1. The Prior Provided Meaningful Regularization

The observational study alone estimated the treatment effect at 8.4 mmHg with a wide confidence interval of [6.6, 10.2]. Incorporating the meta-analytic prior (under moderate assumptions) tightened the credible interval to [7.09, 10.31] and pulled the estimate toward the drug-class average. The prior did not bias the result — it improved precision by incorporating legitimate external evidence.

2. Prior Sensitivity Was Bounded

The posterior mean ranged from 8.49 to 9.14 across three priors spanning a factor-of-4 range in prior standard deviation. For the key clinical question ($P(\text{effect} > 5) > 0.99$?), all three priors agreed. This robustness increases confidence in the conclusion.
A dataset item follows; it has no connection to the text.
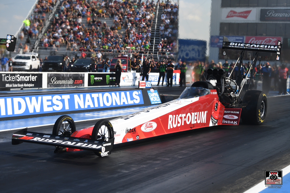 CHICAGO, IL – For TJ Zizzo and the Rust-Oleum Top Fuel dragster team, the Dodge Power Brokers U.S. Nationals is business as usual. The
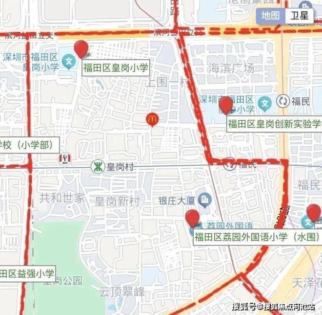 项目按2025年的学区划分来看,小学学区处于皇岗小学、荔园外国语小学(水围),中学学区处于皇岗创新实验学校(初中部)。

3. Sequential Updating Was Natural and Efficient

As RCT cohorts arrived, the posterior updated smoothly without multiple-testing adjustments. The credible interval narrowed from width 3.22 (before RCT) to 1.79 (after 800 patients). At every interim analysis, the team could answer "given everything we know, what is the probability the drug works?" — a question the frequentist framework cannot directly address mid-trial without pre-specified stopping rules.
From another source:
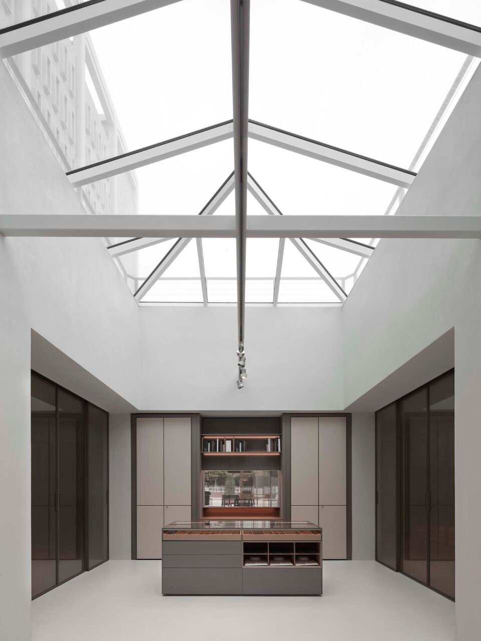 Like the design as a whole, the atrium balances lightness with the density and world building of the brand. The walls of the atrium are lined with recessed niches to display the brand’s closet and organization systems.

4. The Bayesian and Frequentist Answers Converge

After 800 RCT patients, the posterior mean (8.92) is close to what a frequentist analysis of the full dataset would produce. The Bayesian advantage was in the early stages: at cohort 0 (before any RCT data), the Bayesian estimate was already informative because it incorporated the meta-analysis and observational study. A frequentist analysis at that point would have had nothing to say about the RCT.

Regulatory Considerations

The FDA's 2019 guidance on "Interacting with the FDA on Complex Innovative Trial Designs" explicitly acknowledges Bayesian methods for clinical trials. Key regulatory requirements include:

Pre-specification of the prior: The prior must be declared in the statistical analysis plan before data collection. Post-hoc prior selection is not acceptable.
Prior justification: The prior must be based on relevant external evidence (published studies, meta-analyses), and the relevance of the external data to the current study must be argued.
Sensitivity analysis: Results under multiple priors (including a skeptical prior centered at no effect) must be reported.
Frequentist operating characteristics: Even for Bayesian trials, regulators require evidence of acceptable Type I error rates and power under repeated sampling. The Bayesian decision rule (e.g., "declare efficacy if $P(\text{effect} > 0 \mid D) > 0.975$") must be calibrated to control the frequentist false positive rate.
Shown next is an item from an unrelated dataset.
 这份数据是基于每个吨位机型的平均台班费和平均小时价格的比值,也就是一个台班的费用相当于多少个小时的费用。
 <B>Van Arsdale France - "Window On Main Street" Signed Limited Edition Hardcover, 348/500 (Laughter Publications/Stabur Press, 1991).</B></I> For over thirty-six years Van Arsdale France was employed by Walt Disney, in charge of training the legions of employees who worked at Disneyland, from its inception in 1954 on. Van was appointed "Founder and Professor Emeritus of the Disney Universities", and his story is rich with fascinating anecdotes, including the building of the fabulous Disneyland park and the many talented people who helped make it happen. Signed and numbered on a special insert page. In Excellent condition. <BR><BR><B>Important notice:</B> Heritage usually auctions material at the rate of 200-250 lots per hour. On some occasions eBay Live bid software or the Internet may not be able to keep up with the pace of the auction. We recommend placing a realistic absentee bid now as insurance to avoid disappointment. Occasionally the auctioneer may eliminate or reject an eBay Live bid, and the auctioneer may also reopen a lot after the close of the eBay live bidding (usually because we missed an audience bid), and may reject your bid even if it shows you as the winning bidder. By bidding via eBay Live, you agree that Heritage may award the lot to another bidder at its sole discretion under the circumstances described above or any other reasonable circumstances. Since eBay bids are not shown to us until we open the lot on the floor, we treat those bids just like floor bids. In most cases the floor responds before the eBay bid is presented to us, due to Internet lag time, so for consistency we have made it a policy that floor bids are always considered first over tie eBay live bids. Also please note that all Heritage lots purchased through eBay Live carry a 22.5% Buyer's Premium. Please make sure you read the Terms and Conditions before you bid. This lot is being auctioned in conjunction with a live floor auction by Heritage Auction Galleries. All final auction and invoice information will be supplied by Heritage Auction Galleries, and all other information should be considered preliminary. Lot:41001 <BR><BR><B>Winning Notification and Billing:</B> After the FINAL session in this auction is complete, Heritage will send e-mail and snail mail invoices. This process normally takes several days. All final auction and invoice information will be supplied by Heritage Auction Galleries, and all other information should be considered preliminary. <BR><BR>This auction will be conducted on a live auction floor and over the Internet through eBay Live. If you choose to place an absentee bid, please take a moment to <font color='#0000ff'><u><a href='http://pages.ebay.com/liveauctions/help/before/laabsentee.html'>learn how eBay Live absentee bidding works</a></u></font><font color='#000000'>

This case study demonstrates that Bayesian and frequentist approaches are not competing philosophies — they are complementary tools that serve different aspects of the regulatory and scientific process. The Bayesian framework provides natural incorporation of prior evidence and direct probability statements about the treatment effect. The frequentist framework provides operating characteristics (error rates, power) that regulators require for approval decisions.

Production Reality: In pharmaceutical data science, the debate is not "Bayesian vs. frequentist" but "how to use both." The primary analysis is usually frequentist (for regulatory acceptance), with a pre-specified Bayesian analysis as a co-primary or sensitivity analysis. The Bayesian analysis is most valued for adaptive trial designs, where enrollment, dose selection, or early stopping decisions benefit from formal probability statements about treatment effects.